You probably haven’t heard of Apache Hadoop before, unless you work within the world of Big Data. In that case, you already how big a deal it has become in the past few years, but for those who are new to the term, that’s due to the fact that Hadoop is one of those computer technologies that sits behinds the scenes, out of the limelight.
Hadoop is an open source framework that enables data-intensive distributed applications to efficiently process gigantic amounts of data. It’s an open source implementation of the MapReduce approach to processing data. MapReduce was invented at Google, in order to deal with the massive quantities of data necessary to index the web.

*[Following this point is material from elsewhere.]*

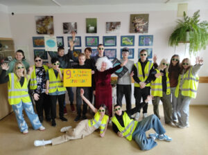 Jau tūlīt pēc “Če Če čempionāta” izziņošanas ķērāmies pie darba, lai tāpat kā pagājušajā gadā tiktu fināla pasākumā. Mūs aizrāva kopīgā fotografēšanās un karoga izveide, uzdevumu veikšana par krāpšanu internetā, atkritumu šķirošanas akciju un plakātu veidošanu ar Mākslīgā intelekta palīdzību.

Typically implemented on large clusters of hundreds, or sometimes thousands, of computers, the Hadoop MapReduce runtime is tasked with partitioning the incoming data, then scheduling program execution spread among the entire set of machines, all the while taking care of inter-machine communication and any sort of machine failure that may occur.
While the software library is a framework allowing for the distributed processing of very large data sets across these clusters, it’s also able to detect and handle failures at the application layer, which provides a high-availability system architecture.

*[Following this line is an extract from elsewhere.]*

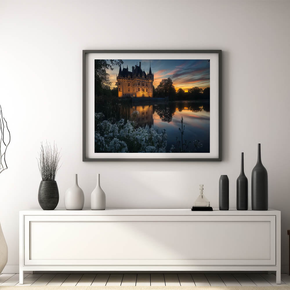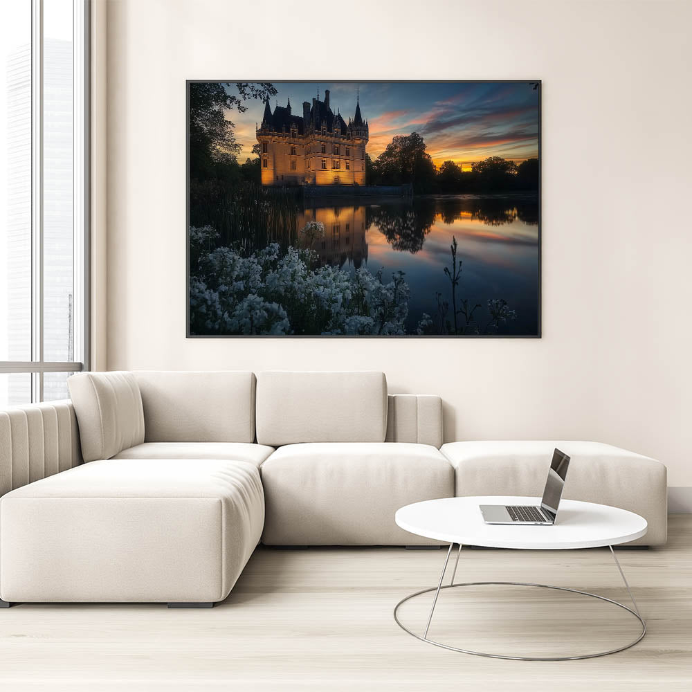 Immerse yourself in the enchanting beauty of this sunset castle wall art, featuring a majestic castle glowing warmly against the hues of a golden sunset. Perfectly mirrored in the tranquil waters and surrounded by blooming wildflowers, this breathtaking scene captures the essence of elegance and tranquility. The soft blend of vibrant colors in the sky and the castle’s illuminated facade creates a stunning focal point for any room.

To give you an idea of the scale involved, Yahoo! now has over 42,000 servers in 1,200 racks running Hadoop in four data centers, with the largest single cluster comprised of 4,000 servers that process over 16 petabytes of data. Facebook, another major user of Hadoop, believes they have the world’s largest collection of data stored on the Hadoop Distributed File System (HDFS), over 100 petabytes worth, spread out over 100 different clusters across its data centers.

And how is all this data stored? Historically that job was assigned to hard drives. Lots of them, to be sure, but the best option available has been spinning disks. That’s beginning to shift with the advent of high-density SSD storage from companies such as Fusion-io, XtremIO and Violin Memory.
According to Don Basile, CEO of Violin Memory, big data applications involving Hadoop could run faster and more efficiently with Violin’s flash arrays as servers wouldn’t wait so long for I/O. He can see the number of servers needed by Hadoop apps being cut by a factor of ten because of this, lowering the cost of a Hadoop-capable server-storage infrastructure.
And don’t assume this advanced technology is confined to social networks or enterprise applications. As the volume of data streaming from aerial surveillance platforms continues to grow exponentially, government & defense applications dealing with image and video storage and analysis will become prime targets for Apache Hadoop on systems such as Trenton’s TSS5203 rackmount storage server.